How does JAK2V617F contribute to the pathogenesis of myeloproliferative neoplasms?

Author information

1
Division of Hematology, Department of Medicine, Brigham and Women's Hospital, Harvard Medical School, Boston, MA.

Abstract

A decade on from the discovery of the JAK2V617F mutation in the majority of patients with myeloproliferative neoplasms (MPNs), JAK2V617F is now firmly installed in the hematology curriculum of medical students and the diagnostic-testing algorithm of clinicians. Furthermore, the oral JAK1/JAK2 inhibitor ruxolitinib, rationally designed to target activated JAK2 signaling in MPN, has been approved by the Food and Drug Administration (FDA) of the United States for the past 3 years for the treatment of intermediate- and advanced-phase myelofibrosis. Notwithstanding this, JAK2V617F continues to stimulate the MPN research community and novel insights into understanding the mechanisms by which JAK2V617F contributes to the pathogenesis of MPN are continually emerging.
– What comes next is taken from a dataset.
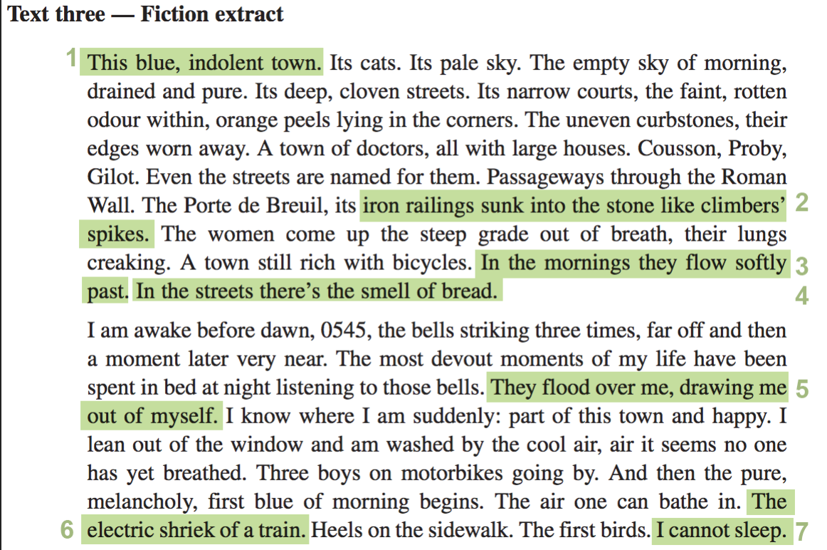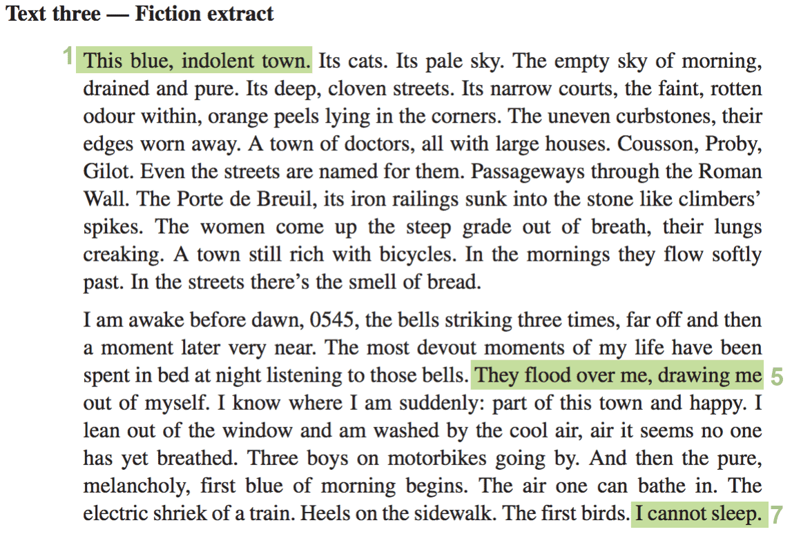 Here we’ve highlighted all of the strong techniques in the text that could be commented on in our analysis.

In this chapter, we focus on recent advances in 4 main areas: (1) the molecular processes coopted by JAK2V617F to induce MPN, (2) the role that JAK2V617F plays in phenotypic diversity in MPN, (3) the functional impact of JAK2V617F on hematopoietic stem cells, and (4) therapeutic strategies to target JAK2V617F. Although great strides have been made, significant deficits still exist in our understanding of the precise mechanisms by which JAK2V617F-mutant hematopoietic stem cells emerge and persist to engender clonal hematopoiesis in MPN and in developing strategies to preferentially target the JAK2V617F-mutant clone therapeutically. Critically, although myelofibrosis remains arguably the greatest clinical challenge in JAK2V617F-mediated MPN, the current understanding of myelofibrosis-specific disease biology remains quite rudimentary. Therefore, many important biological questions pertaining to JAK2V617F will continue to engage and challenge the MPN research community in the coming decade.

PMID:
25696866
DOI:
10.1182/asheducation-2014.1.268
[Indexed for MEDLINE]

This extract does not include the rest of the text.